What I use today (and why)

For now I’m using:

• OpenClaw built-in memory search: transparent markdown files + embeddings + local index (SQLite) with hybrid search (semantic + keyword).

It’s pragmatic: easy to operate, easy to audit, easy to repair, and good enough for ~80% of questions. The plan is to revisit graph memory after 1–2 months of stable usage and tighter discipline around what enters memory (otherwise a graph just structures chaos).

Bottlenecks and issues (what broke and how I fixed it)

• The LLM “described” actions instead of calling tools

  • Symptom: answers like “I would run command X” with no tool call visible in logs.

  • Impact: in the team channel it looked “smart” but nothing actually happened.

  • Fix: better tool-use model for the team agent + explicit instruction (“if you need a tool, call it, don’t describe it”) + a completion check (“done = output exists, not just steps”).

• Context overflow from large responses (APIs returning huge JSON)

  • Symptom: after a few interactions, session size grew to hundreds of KB; the agent became slow or stalled (Slack still looked “alive”).

  • Cause: large raw responses kept verbatim in context.

  • Fix: cap results (e.g., 25 items per query), aggressive summarization, avoid pasting raw JSON; watchdog clears sessions over a threshold (e.g., 500KB) + session expiry after 30 min of inactivity.

• Slack Socket Mode “silent” disconnects

  • Symptom: gateway reported “connected” but messages stopped arriving.

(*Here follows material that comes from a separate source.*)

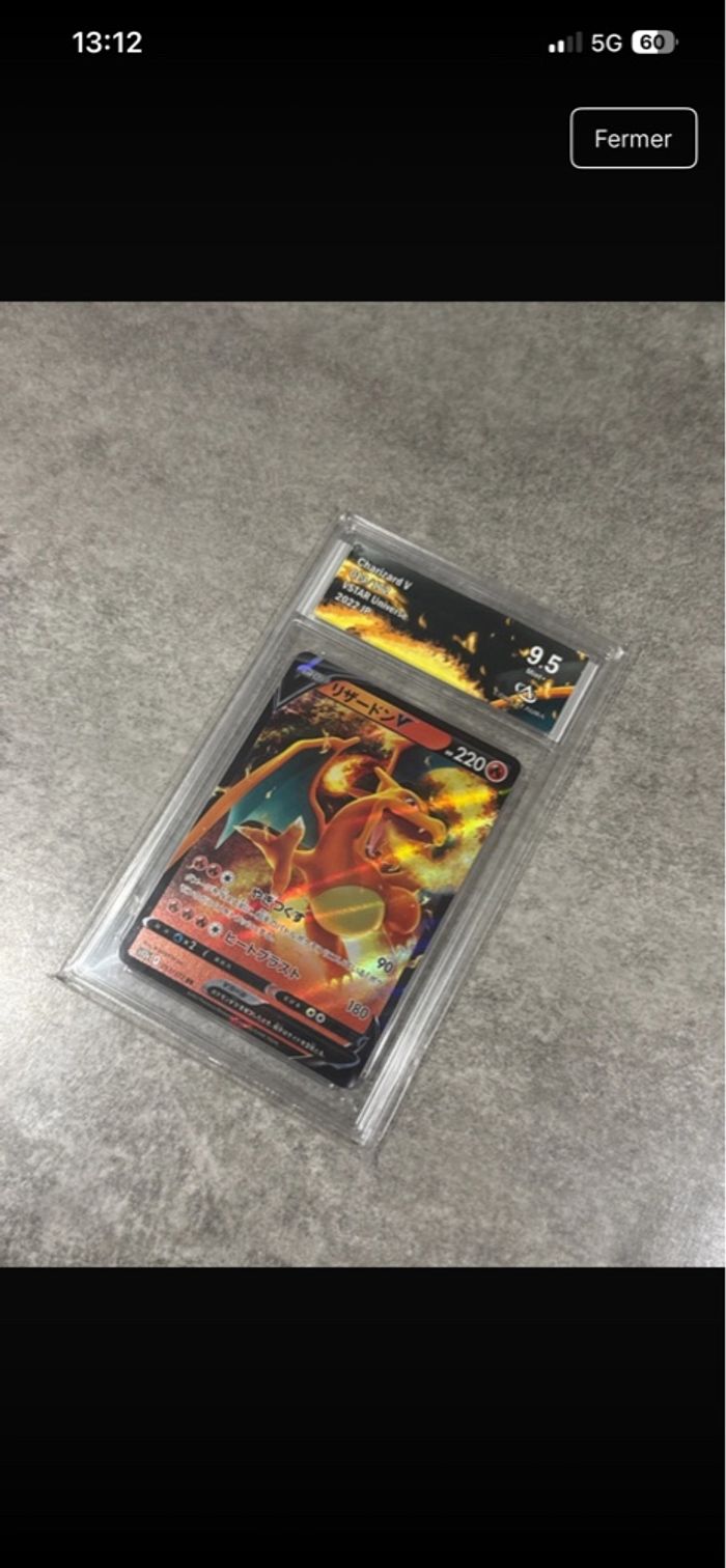 carte Pokémon dracaufeu ultra rare gradé 9.5 envoie protéger
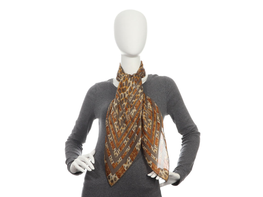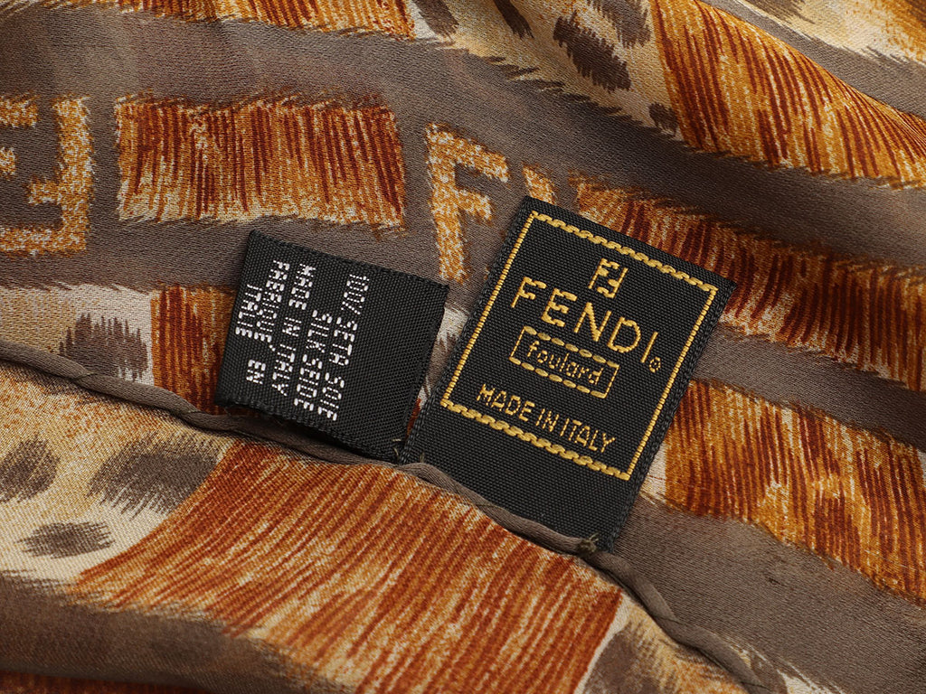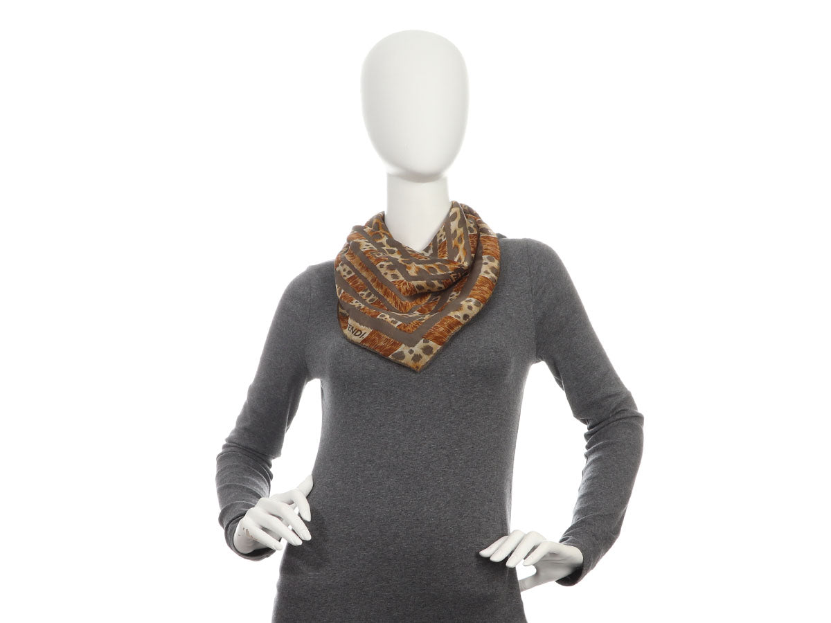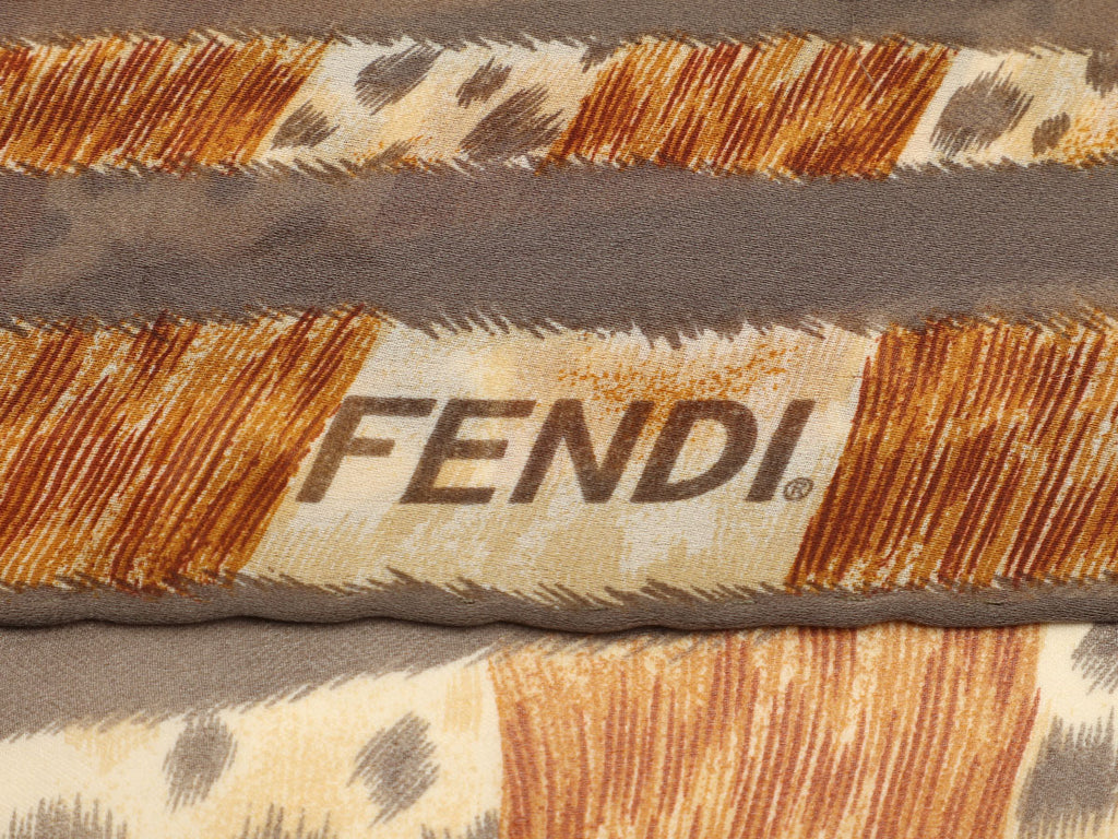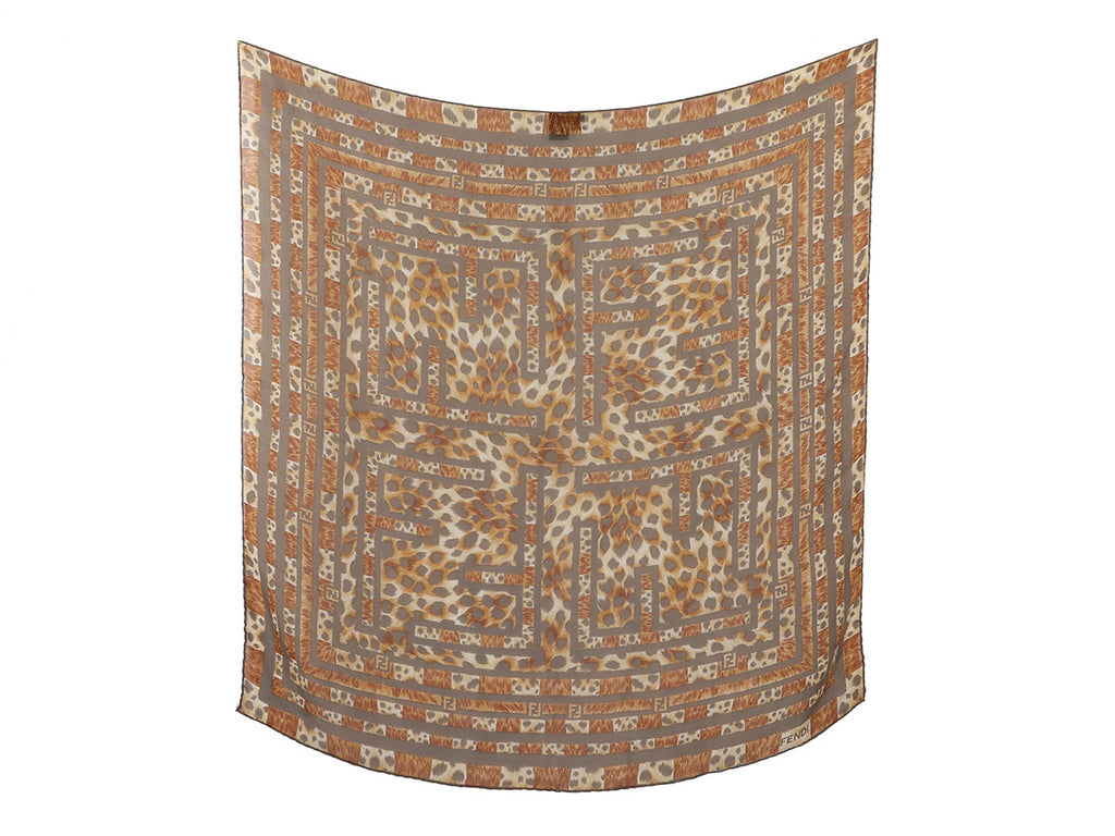 Wrap up in a fierce, fabulous look with Fendi’s FF Cheetah Silk Scarf! With hand-rolled edges, this sheer, lightweight piece is covered in animal print with four pairs of F’s in the middle in shades of brown and gray. It comes in excellent condition and one of the labels is coming off. It’s elegant, it’s exotic, it’s Fendi!

  • Fix: 5-minute watchdog checks for recent log activity; if no new logs within a window (e.g., 15 minutes), it triggers a controlled restart.

• Upgrade broke sessions / compatibility

  • Symptom: after an upgrade, conversations started hanging immediately.

  • Fix: rollback to the last stable version + version pinning; upgrades only after testing in a separate environment (staging) or during an accepted-risk window.

• HTTPS failed inside the sandbox (missing CA certs in slim images)

  • Symptom: HTTPS requests from the container failed with certificate errors.

  • Fix: install/copy CA certificates into the container and set environment variables where needed (e.g., SSL_CERT_FILE).

• Environment variables didn’t reliably inject into the container

  • Symptom: commands worked sometimes, then returned 401/403 because env vars were missing.

  • Fix: explicit inline exports in commands + preflight checks in the sandbox (printenv) before sensitive calls.

• Built-in web_fetch didn’t support POST (Monday GraphQL)

  • Symptom: couldn’t call GraphQL endpoints with GET-only tooling.

  • Fix: static curl inside the sandbox and controlled POST calls.

Questions for others running agents for teams

1. How do you do shared memory across multiple people without turning it into chaos?

2. How do you manage permissions and write actions (confirmations, auditability, rollback)?

3. Self-hosted vs SaaS vs hybrid: what hit you the hardest in production?